Alphabet (Google): Investimento sicuro o trappola per il 2026?

Dietro i numeri e le proiezioni di crescita, si cela una realtà fatta di battaglie legali, erosione della privacy e un modello di business basato sulla sorveglianza di massa.

Mentre scartate i regali sotto l’albero e vi chiedete se quel nuovo smart speaker stia già registrando le vostre conversazioni familiari per ottimizzare il prossimo banner pubblicitario, a Wall Street qualcuno sta già impacchettando le previsioni per il prossimo anno. È il Natale del 2025, e la narrazione finanziaria non si ferma nemmeno per il panettone.

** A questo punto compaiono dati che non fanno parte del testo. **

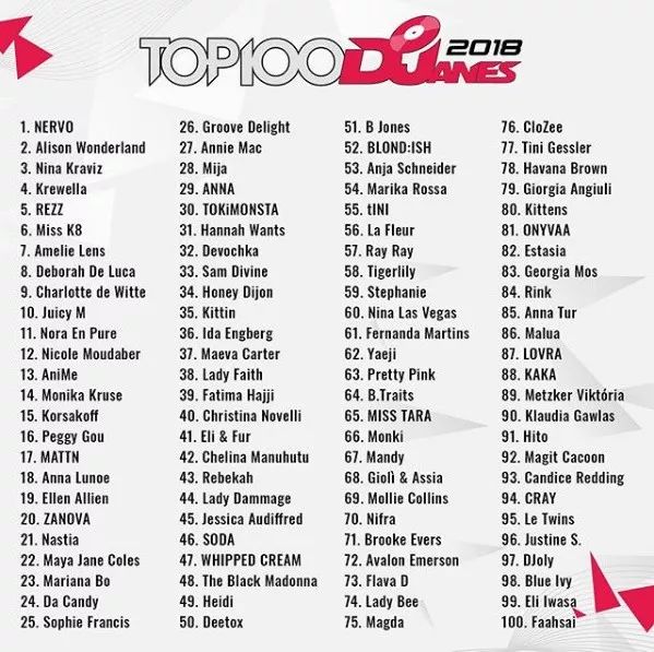 而就在撰写本篇文章的三小时以前,DJane Mag也在社交网络上宣布了今年的百大女DJ整体成绩。我们所熟悉的“Techno女王”Nina Kraviz位居第三,Amelie Lens位居第七……还有大众热爱的Alison Wonderland/Rezz/NERVO等人也全部获得了前十的好成绩。
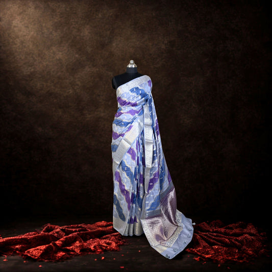 Purple & Blue Cotton Chanderi Rangkat Banarasi Saree
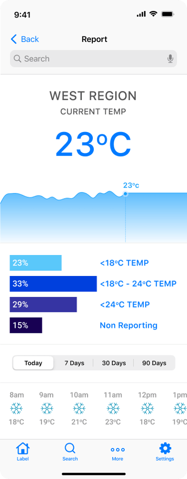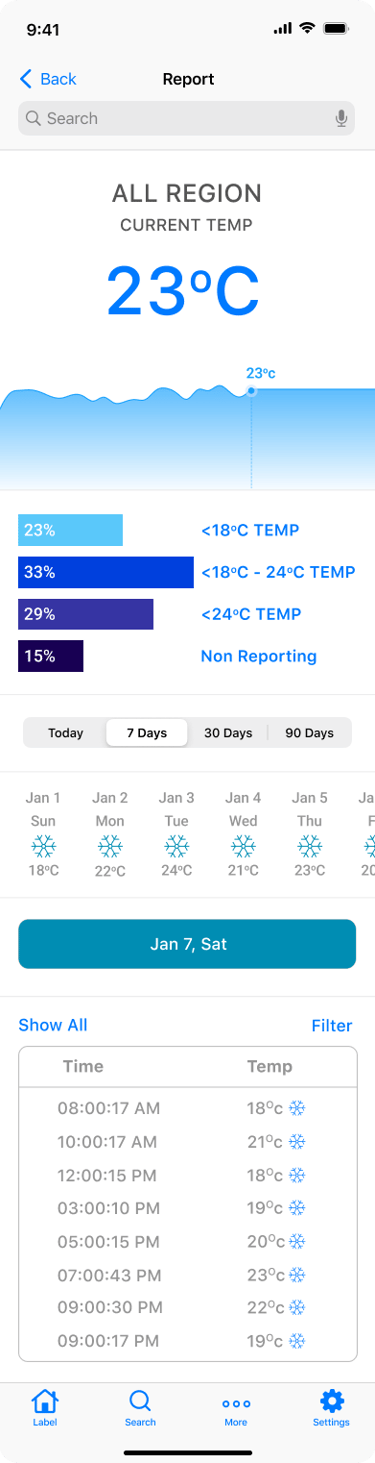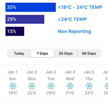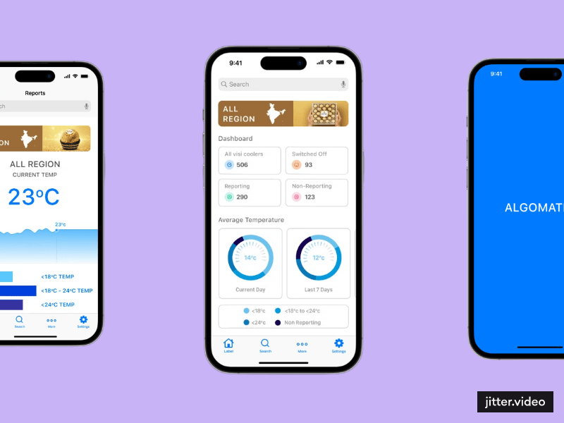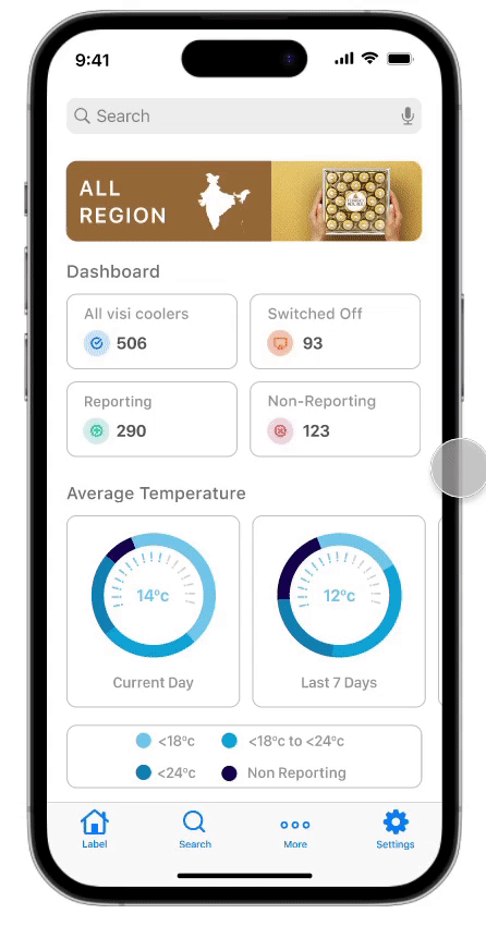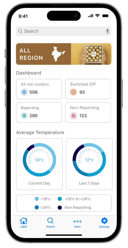 The dashboard offers real-time visibility into active, inactive and off fridge units across India's regions. Temperature data allows monitoring current, 7-day, 30-day and 90-day averages to maintain compliance. Settings enable custom rules, reports and limits to fit your specific chocolate quality needs. Together Algomatix provides the robust, configurable insights required for true 24/7 cold chain command.
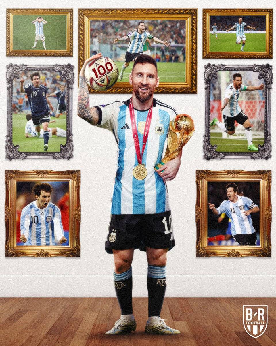 With his goal against Curaçao in the 20th minute on Tuesday, Lionel Messi became the third player in history to score 100 goals for his country, and the first to do so while holding a men's FIFA World Cup trophy.
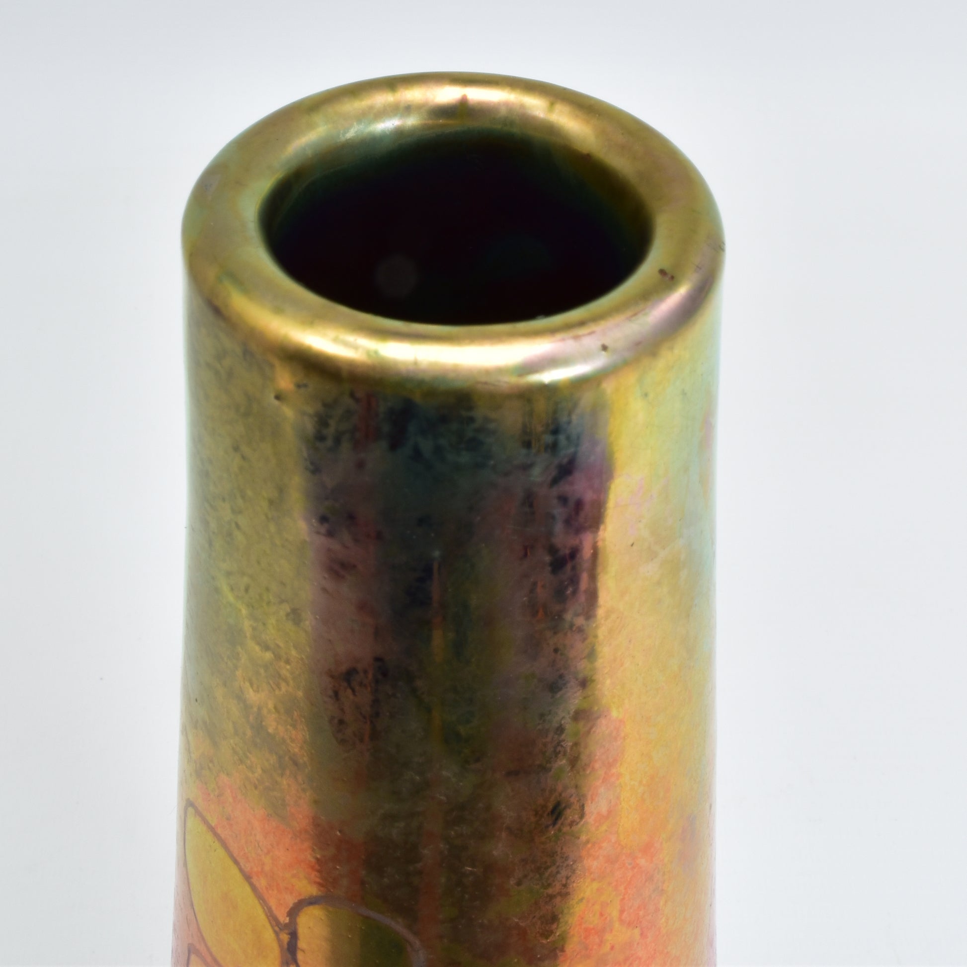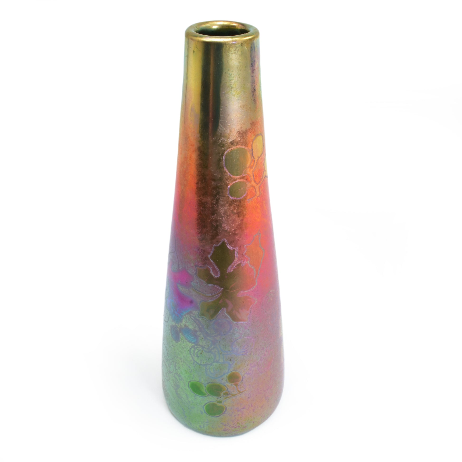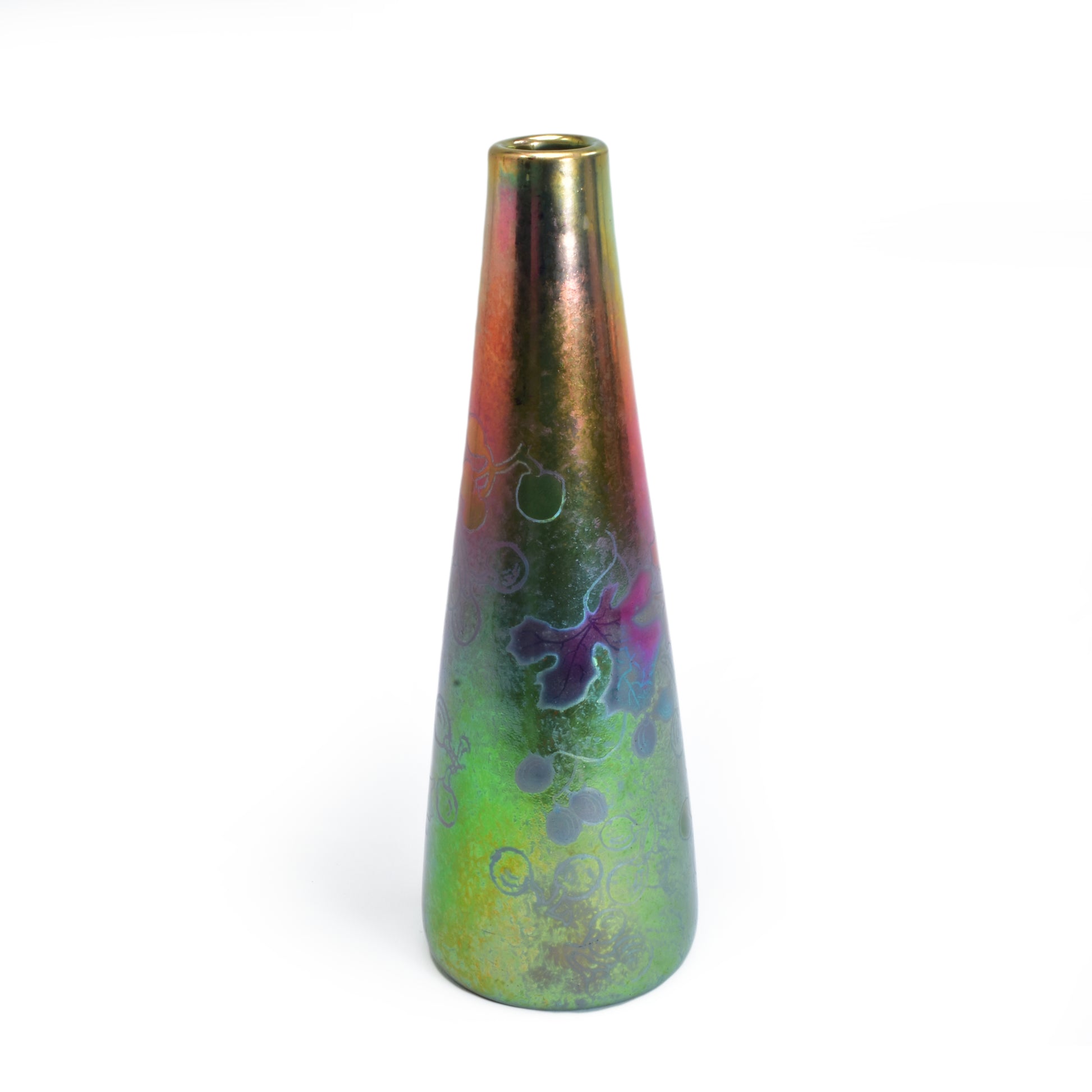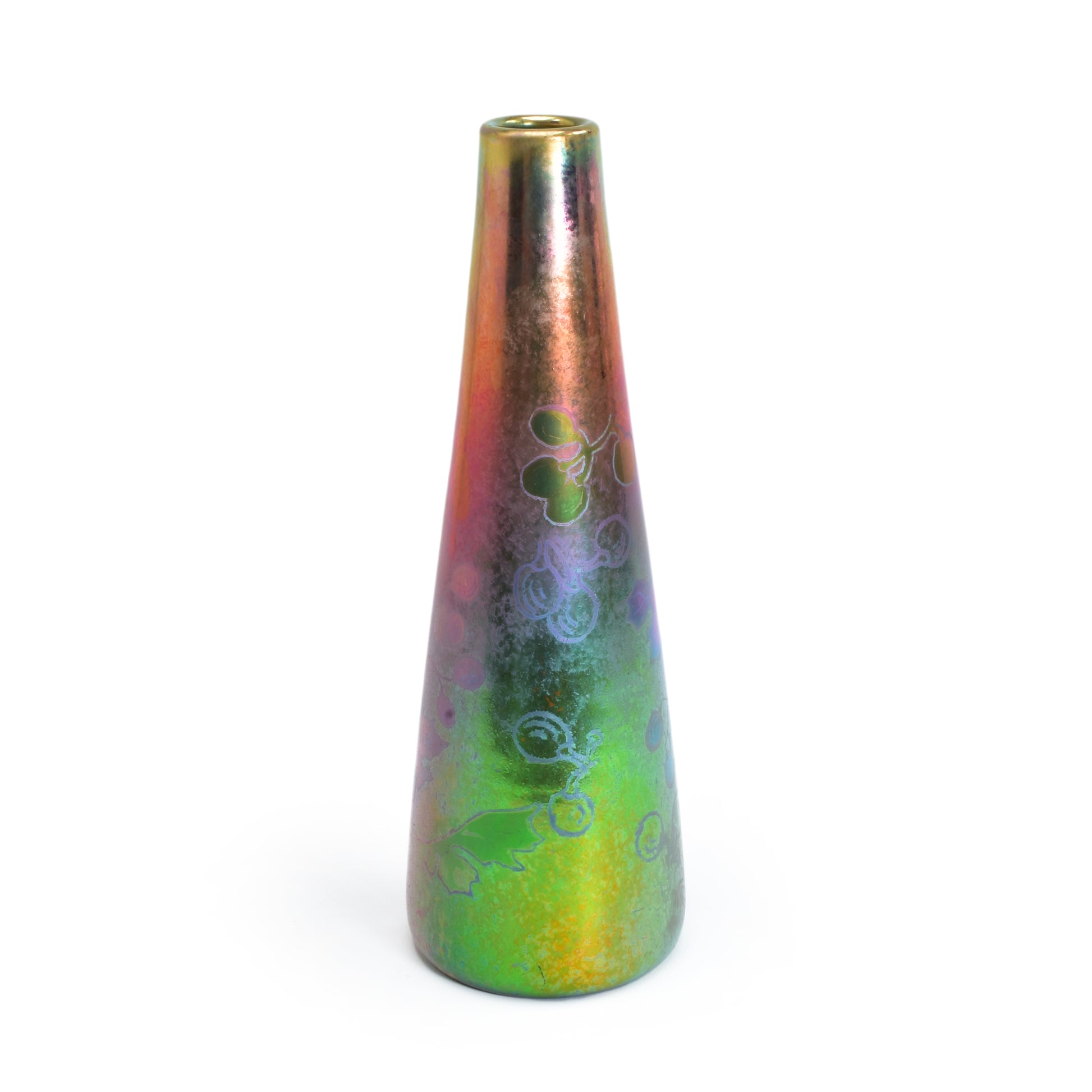 Clement Massier is de meester van het lustre glazuur. Zijn eerste experimenten startte hij al in 1865. In 1887 kon hij trots zijn collectie reflets metallique keramiek presenteren. Op de wereldtentoonstelling in Parijs won hij een gouden medaille. De ingewikkelde en fragiele techniek leidt in het beste geval, zoals bij deze vaas tot een spectaculair kleurrijk schilderachtig en feëriek resultaat. Een decor van druiven en wijnbladeren.

L’ultima trovata degli analisti riguarda i cosiddetti “Magnifici Sette”, quel club esclusivo di giganti tecnologici che, secondo la vulgata corrente, dovrebbe traghettarci verso un futuro radioso e automatizzato.

Tra classifiche di rendimento e proiezioni di crescita che sembrano scritte più dagli uffici marketing che dagli economisti, spicca un posizionamento che merita di essere dissezionato con il bisturi del dubbio: Alphabet (la holding che controlla Google) viene piazzata come la “quarta scelta” migliore da acquistare in vista del 2026. Un piazzamento da medaglia di legno che, tuttavia, viene venduto come un’opportunità di valore.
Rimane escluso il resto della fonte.